この項で重要なところは、先頭にある[TT:航空機タイプ]と記載した箇所だ。上のサンプルを見ての通り、先頭はI-16のtip (Type) と同じものとなっている。例えば、I-16のtip10であれば'10'がシリアルの先頭に付くし、tip24なら'24'になり、他も同様だ。

一つ注意が必要なのは、このtipは元々I-16の型を示すものではなかったということだ。I-16の最初にあたる'tip4'というものは、『第21工場で4番目に生産された航空機』であることから付けられたものだった。その後理由は不明だが、改良型や派生が生まれるに従って、それに連なる数字が付けられていった。

左 (上)のリストはI-16の各tipを一覧としたものだ。これらのtip番号は、第21工場以外のI-16生産工場でも使われていた。tip関連の詳しい話はI-16とtipのカンケイを参照のこと。

【シリアル規則②】LaGG-3/Laシリーズ

[TTFFBBPP]  [TT, FF, BB, PP]
TT

航空機タイプ

 -tip31:LaGG-3

 -tip37:La-5~La-5F (Series 8まで:一体型風防)
 -tip39:La-5F (Series 9以降:突出型風防)~La-5FN (木製桁)
 -tip41:La-5FN (金属桁)

 -tip43:La-5UTI (練習機型)

 -tip45:La-7

 -tip46:La-7UTI (練習機型)

 -tip49:La-9

 -tip51:La-11

その後はtip52:La-15, tip53:MiG-15bisが割り振られている

FF 工場番号 - 21 (固定)
BB

生産バッチ

LaGGでは一桁の時0がつかない (0埋めなし)、6~7桁になる

PP バッチ中の生産番号
こちらもLaGGでは0埋めがない、最短で6桁になる

[BB:バッチ]の箇所は、LaGGのシリーズ番号と同じものである (バッチをSeries XXと呼んでいるに過ぎない)。詳細は記事:LaGG-3とSeriesのカンケイを参照。

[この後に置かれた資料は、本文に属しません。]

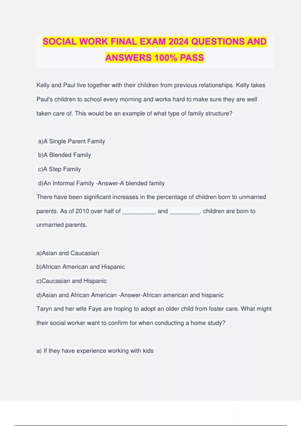 SOCIAL WORK FINAL EXAM 2024 QUESTIONS AND ANSWERS 100% PASS Kelly and Paul live together with their children from previous relationships. Kelly takes Paul's children to school every morning and works hard to make sure they are well taken care of. This would be an example of what type of family structure? a)A Single Parent Family b)A Blended Family c)A Step Family d)An Informal Family -Answer-A blended family There have been significant increases in the percentage of children born to unmarried parents. As of 2010 over half of __________ and _________. children are born to unmarried parents. a)Asian and Caucasian b)African American and Hispanic c)Caucasian and Hispanic d)Asian and African American -Answer-African american and hispanic Taryn and her wife Faye are hoping to adopt an older child from foster care. What might their social worker want to confirm for when conducting a home study? a) If they have experience working with kids b)The stability of their relationship c) Their sexual orientation d)If they are the same race as the child -Answer-The stability of their relationship In the film Juno the title character gives her baby up for adoption. She finds the couple she wants to adopt in a classified ad in the newspaper and coordinates the adoption through the couples attorney. This is an example of what kind of adoption? a)Independent Adoption b)Agency Adoption c)International Adoption d)Kinship Adoption -Answer-Independent adoption The number of american adults over 65 supported by 100 adults of working age is a ratio that helps determine the viability of Social Security. This ratio of workers to Social Security recipients is often referred to as the __________ ratio. a)Compensation b)Compatibility c)Dependency D)Value -Answer-Dependency Mike's grandfather suffers from Alzheimer's disease. If Mike wants the visit with his grandfather to go well, what activity would you recommend do with his grandfather at his visit? a) Explain to his grandfather that he has been acting delusional. b)Listen to music his grandfather enjoyed in his teenage years. c)Rearrange the room so it is more organized d)Promise to take him home -Answer-Listen to music his grandfather enjoyed in his teenage years In 2010 what percentage of older persons reported some sort of disability? a)25% b)37% c)45% d)62% -Answer-37% Elizabeth Kubler-Ross revolutionized how people with terminal illnesses are cared for in America. What change did Kubler- Ross introduce? a)Dying patients should take every opportunity to extend their b)Dying patients should limit the people they divulge their diagnosis to c) Dying patients should make amends to their family members d) Dying patients should be able to determine there end of life care -Answer-Dying patients should be able to determine there end of life care Palliative care is end of life care that ________________. a)Treats pain but does not try to cure a disease. b)Involves the family in making end of life choices c)Takes medicare as it's only form of payment. d) Includes legal counseling for end of life issues -Answer-Treats pain but does not try to cure a disease The first stage of Kubler-Ross's stages of grief is______________ a) acceptance b) bargening c) denial d) anger -Answer-Denial In 2009 the major source of income for most older adults was_________ a)Government Pensions b)Residual Income c) Social Security d) Savings -Answer-Social Security Nellie Bly worked to reform mental health treatment by_____________ a) Improving training for psychiatric nurses b) Implementing the scientific method in mental health care c) Including a patients' bill of rights in informed consent forms d) Staying in an asylum and writing about it. -Answer-Staying in an asylum and writing about it Mania, characterized by pressured speech, delusions of grandeur followed by periods of depression are indications that an individual may be suffering from what disorder? a) Bipolar Disorder b) PTSD c) Schizophrenia d) Disassociation -Answer-Bipolar Disorder Which of the following is not a symptom of schizophrenia? a) Delusions of grandeur b) An individual developing multiple personalities c) Scrambling words in a strange sort of "word salad" d) Auditory hallucinations -Answer-An individual developing multiple personalities Which of the following is true of Post Traumatic Stress Disorder? a)Post Traumatic Stress Disorder is genetic and can run in families b)The DSM-5 does not categorize Post Traumatic Stres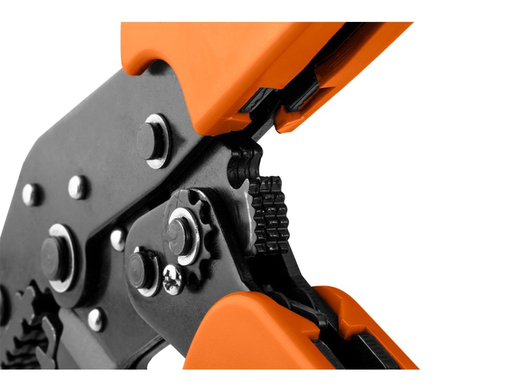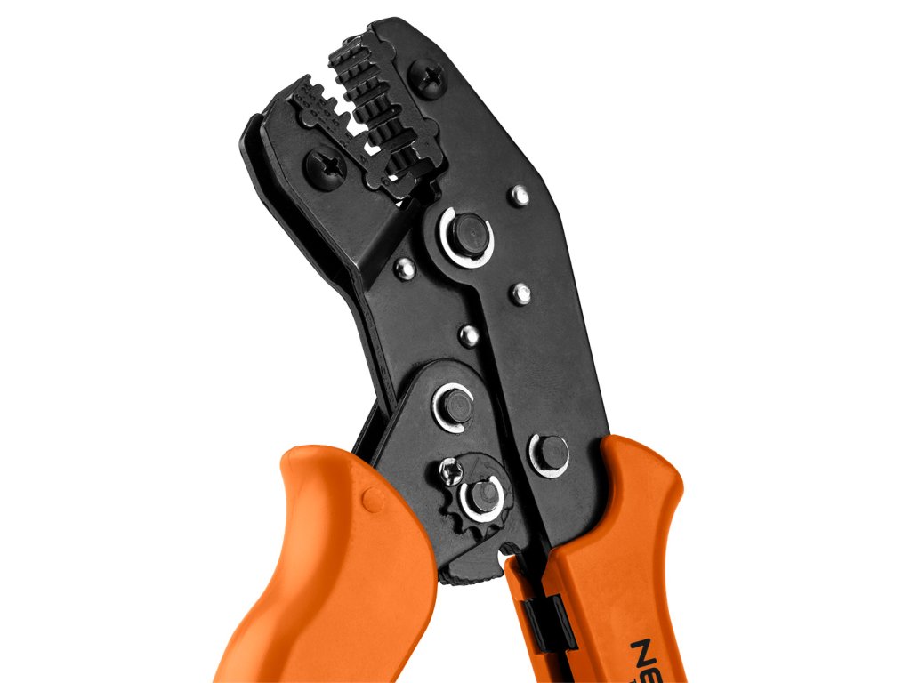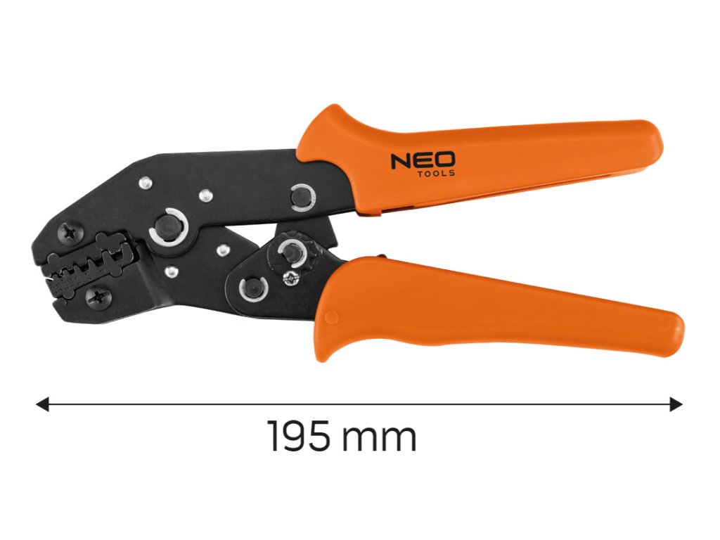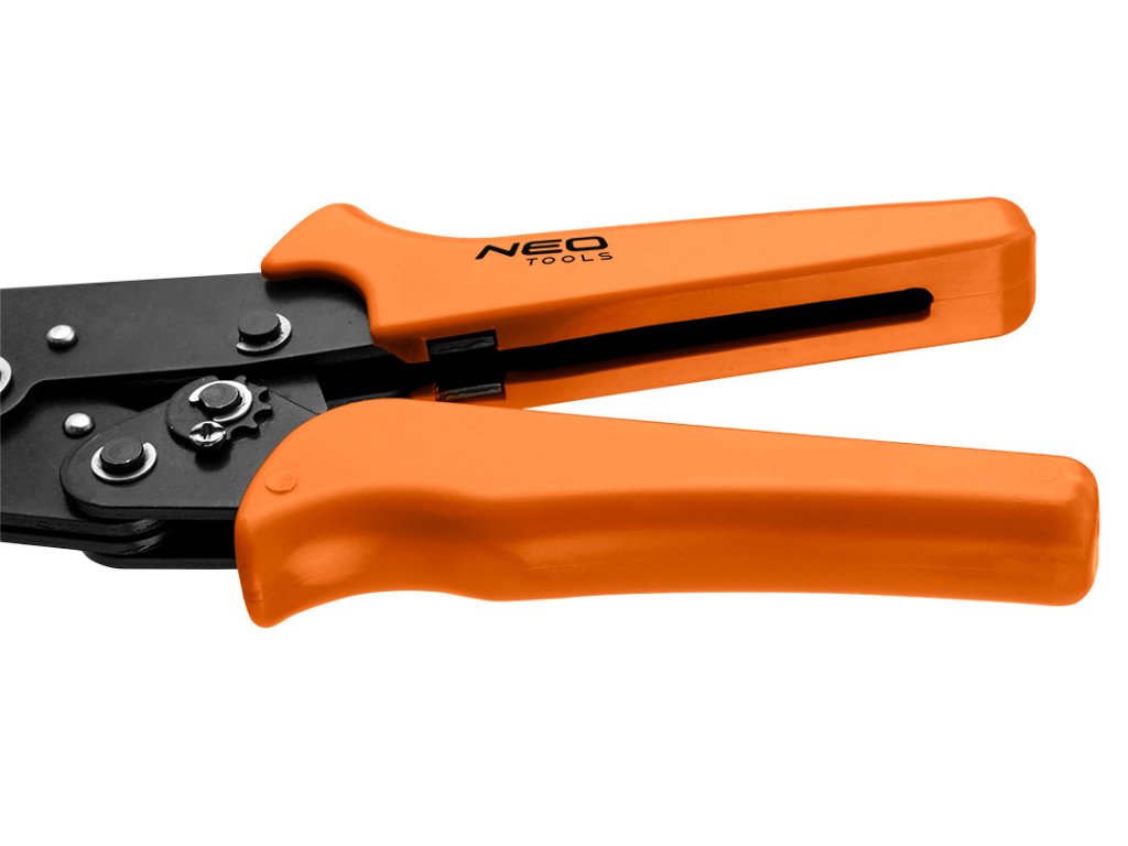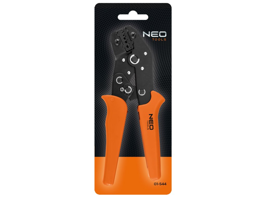 Krimpovacie kliešte s koncovkou 0,25 - 6 mm2, 01-544 od spoločnosti NEO sú ľahko použiteľným nástrojom na krimpovanie elektrických konektorov na kábloch. Dĺžka klieští je 195 mm a rozsah čeľustí je od 0,25 do 6 mm. Hlava nástroja je vyrobená z odolnej uhlíkovej ocele s tvrdosťou 45 HRC. Používanie klieští uľahčuje račňový systém. Čiernený povrch zaisťuje primeranú odolnosť. Kliešte sú vybavené jednozložkovou a ergonomickou rukoväťou. Značka NEO sa odporúča pre profesionálov.

[TT:航空機タイプ]は、I-16の最終生産型 (tip29) から1つ空けて31が使われている。tip30にはパシーニンの試作戦闘機I-21が割り当てられていたとする資料があり、その他の飛んでいる番号にも似たような話がある。こちらについては記事:I-16とtipのカンケイを参照。

◆サンプル・・・LaGG-3

[3121321]⇒[31, 21, 3, 21]

31(=LaGG-3), 第21工場製, 第3バッチ, 21番目の生産機

[3121565]⇒[31, 21, 5, 65]

31(=LaGG-3), 第21工場製, 第5バッチ, 65番目の生産機

 

◆サンプル - La-5以降

[37210853]⇒[37, 21, 08, 53]

37(=La-5), 第21工場製, 第8バッチの53番目の生産機

[39210101]⇒[39, 21, 01, 01]

39(=La-5FN), 第21工場製, 第1バッチの1番目の生産機

[39212117]⇒[39, 21, 21, 17]

39(=La-5FN), 第21工場製, 第21バッチの17番目の生産機

[45210127]⇒[45, 21, 01, 27]

45(=La-7), 第21工場製, 第1バッチの27番目の生産機 (現存するコジェドゥーブ機のもの)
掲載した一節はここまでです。